RobotArena infty: Scalable Robot Benchmarking via Real-to-Sim Translation
Yash Jangir, Yidi Zhang, Kashu Yamazaki, Chenyu Zhang, Kuan-Hsun Tu, Tsung-Wei Ke, Lei Ke, Yonatan Bisk, Katerina Fragkiadaki
2025-10-28
Summary
This paper introduces a new way to test how well robots can perform a variety of tasks, moving beyond the limitations of testing them in the real world or simple computer simulations.
What's the problem?
Testing robots is really hard. Real-world testing takes a lot of time, effort, and can be dangerous if things go wrong. Current computer simulations aren't great either because robots are trained and tested in the *same* fake environment, so it's hard to know if they'll work in a new situation or with data from real-world examples. Plus, figuring out if a robot is doing a good job often requires a person to watch and judge, which doesn't scale well.
What's the solution?
The researchers created a system that uses videos of humans performing tasks to automatically build realistic computer simulations. They then use these simulations to test robots, getting feedback from people online to judge how well the robot is doing.
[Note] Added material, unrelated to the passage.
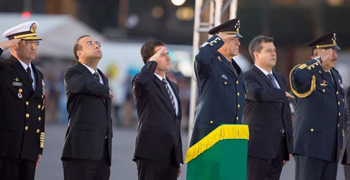 A las 7:18 horas, el primer mandatario salió de Palacio Nacional hacia el asta bandera del Zócalo capitalino, acompañado por los secretarios de Gobernación, Alfonso Navarrete Prida; de la Defensa Nacional, Salvador Cienfuegos Zepeda, y de Marina, Vidal Francisco Soberón Sanz.

They also change up the simulated environments – like the textures or where objects are placed – to see if the robot can still handle things when conditions aren't perfect. This allows for a lot of testing without the risks and costs of the real world.
Why it matters?
This new testing method is important because it provides a way to reliably and quickly evaluate robots as they become more complex and capable. It addresses a major gap in robotics research by offering a scalable and reproducible benchmark for assessing how well robots trained in the real world can generalize to new situations, ultimately helping to build more versatile and useful robots.
Abstract
The pursuit of robot generalists - instructable agents capable of performing diverse tasks across diverse environments - demands rigorous and scalable evaluation. Yet real-world testing of robot policies remains fundamentally constrained: it is labor-intensive, slow, unsafe at scale, and difficult to reproduce. Existing simulation benchmarks are similarly limited, as they train and test policies within the same synthetic domains and cannot assess models trained from real-world demonstrations or alternative simulation environments. As policies expand in scope and complexity, these barriers only intensify, since defining "success" in robotics often hinges on nuanced human judgments of execution quality. In this paper, we introduce a new benchmarking framework that overcomes these challenges by shifting VLA evaluation into large-scale simulated environments augmented with online human feedback. Leveraging advances in vision-language models, 2D-to-3D generative modeling, and differentiable rendering, our approach automatically converts video demonstrations from widely used robot datasets into simulated counterparts. Within these digital twins, we assess VLA policies using both automated VLM-guided scoring and scalable human preference judgments collected from crowdworkers, transforming human involvement from tedious scene setup, resetting, and safety supervision into lightweight preference comparisons. To measure robustness, we systematically perturb simulated environments along multiple axes, such as textures and object placements, stress-testing policy generalization under controlled variation. The result is a continuously evolving, reproducible, and scalable benchmark for real-world trained robot manipulation policies, addressing a critical missing capability in today's robotics landscape.